METHODS: We did a retrospective, pharmacokinetic-pharmacodynamic analysis of data from patients with acute lymphoid leukaemia, acute myeloid leukaemia, or myelodysplastic syndrome receiving their first T-cell repleted allogeneic peripheral blood stem cell HCT with ATG (thymoglobulin) as part of non-myeloablative conditioning from March 1, 2004, to June 1, 2015. Patients received a cumulative intravenous dose of 8 mg/kg divided over 4 days, starting on day -8 before HCT. Active ATG concentrations were measured using a validated bioassay and pharmacokinetic exposure measures (maximum concentration, concentration at time of infusion of the graft, time to reach a concentration of 1 arbitary unit [AU] per day/mL, area under the curve [AUC], and the AUC before and after HCT) were calculated with a validated population pharmacokinetic model. The main outcome of interest was 5-year overall survival, defined as days to death from any cause or last follow-up. Other outcomes were relapse-related mortality, non-relapse mortality, event-free survival, acute and chronic GvHD, and assessment of current and optimum dosing. We used Cox proportional hazard models and Fine-Gray competing risk models for the analyses.

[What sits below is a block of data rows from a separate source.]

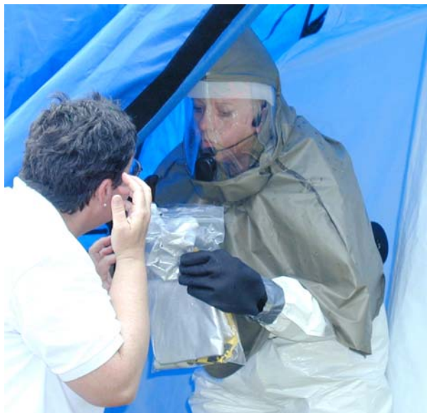
Put victim's personal items in a labeled plastic zip bag.
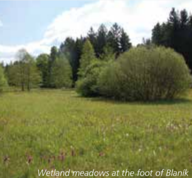
Wetland meadows at the foot of Blaník

Legend has it that an army rests inside Velký Blaník, ready for the nation's worst times. It is headed by the patron saint of Bohemia, king Wenceslaus. When the time is most tense, the dry oak at Blaník will turn green with fresh leaves and the spring underneath it will become so powerful that the well will overflow and the water will start streaming down the hillside. Then the Jamb Rock in the mountain will open, the knights will wake from their deep slumber and headed by the Czech patron saint, they will come out to fight the enemies, defeat them, and peace will be re-established over the Bohemian lands.
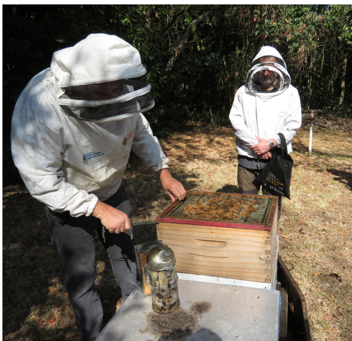
HONEY BEE COLONY

No food is harvested, just oilseeds which our countries do not consume. It is used by distant nations from other continents either to fatten livestock or as agrofuel. These transgenic seeds have damaged 11.000 years of wisdom and hard work by contaminating natural seeds and affecting peasant's crops. The world's hunger is not going to end with this fantasy created by the agro-industrial model but with an adequate distribution of food and wealth.
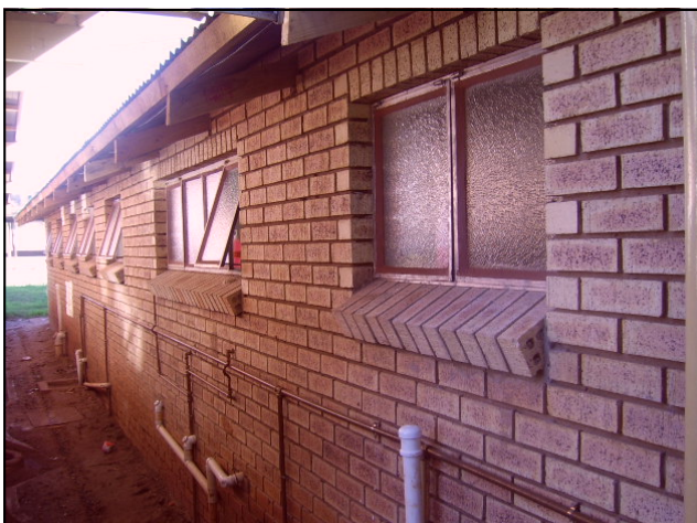
Structure of ablution facility for Male ward extension

complaint. A big fully functional container
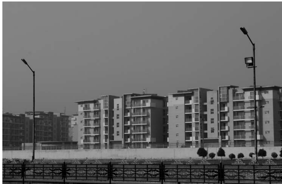
Picture 6. Athletes village, commonwealth Games 2010

There is a big debate about this, as the two following interviews witness, with different and sometimes contrasting accents. Debate that agrees with the fact that Delhi still resists to the globalization attacks, thanks to the strength of its citizens: it seems, in fact, that the capability to resist to global transformations is one of its aces in the hole for the future.
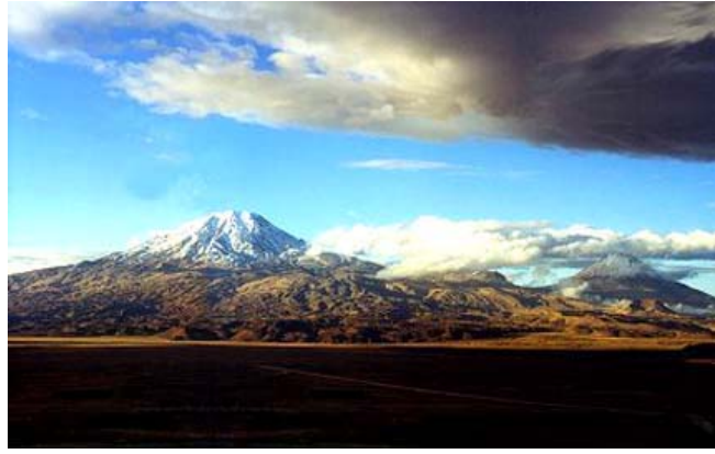
Mt. Ararat in eastern Turkey near Iran and Armenia borders.

FINDINGS: 146 patients were included. ATG exposure after HCT was shown to be the best predictor for 5-year overall survival. Optimum exposure after transplantation was determined to be 60-95 AU per day/mL. Estimated 5-year overall survival in the group who had optimum exposure (69%, 95% CI 55-86) was significantly higher than in the group who had below optimum exposure (32%, 20-51, p=0·00037; hazard ratio [HR] 2·41, 95% CI 1·15-5·06, p=0·020) and above optimum exposure (48%, 37-62, p=0·030; HR 2·11, 95% CI 1·04-4·27, p=0·038). Patients in the optimum exposure group had a greater chance of event-free survival than those in the below optimum exposure group (HR 2·54, 95% CI 1·29-5·00, p=0·007; HR for the above optimum group: 1·83, 0·97-3·47, p=0·063). Above-optimum exposure led to higher relapse-related mortality compared with optimum exposure (HR 2·66, 95% CI 1·12-6·31; p=0·027). Below optimum exposure increased non-relapse mortality compared with optimum exposure (HR 4·36, 95% CI 1·60-11·88; p=0·0040), grade 3-4 acute GvHD (3·09, 1·12-8·53; p=0·029), but not chronic GvHD (2·38, 0·93-6·08; p=0·070). Modelled dosing based on absolute lymphocyte counts led to higher optimum target attainment than did weight-based dosing.

INTERPRETATION: Exposure to ATG affects survival after HCT in adults, stressing the importance of optimum ATG dosing. Individualised dosing of ATG, based on lymphocyte counts rather than bodyweight, might improve survival chances after HCT.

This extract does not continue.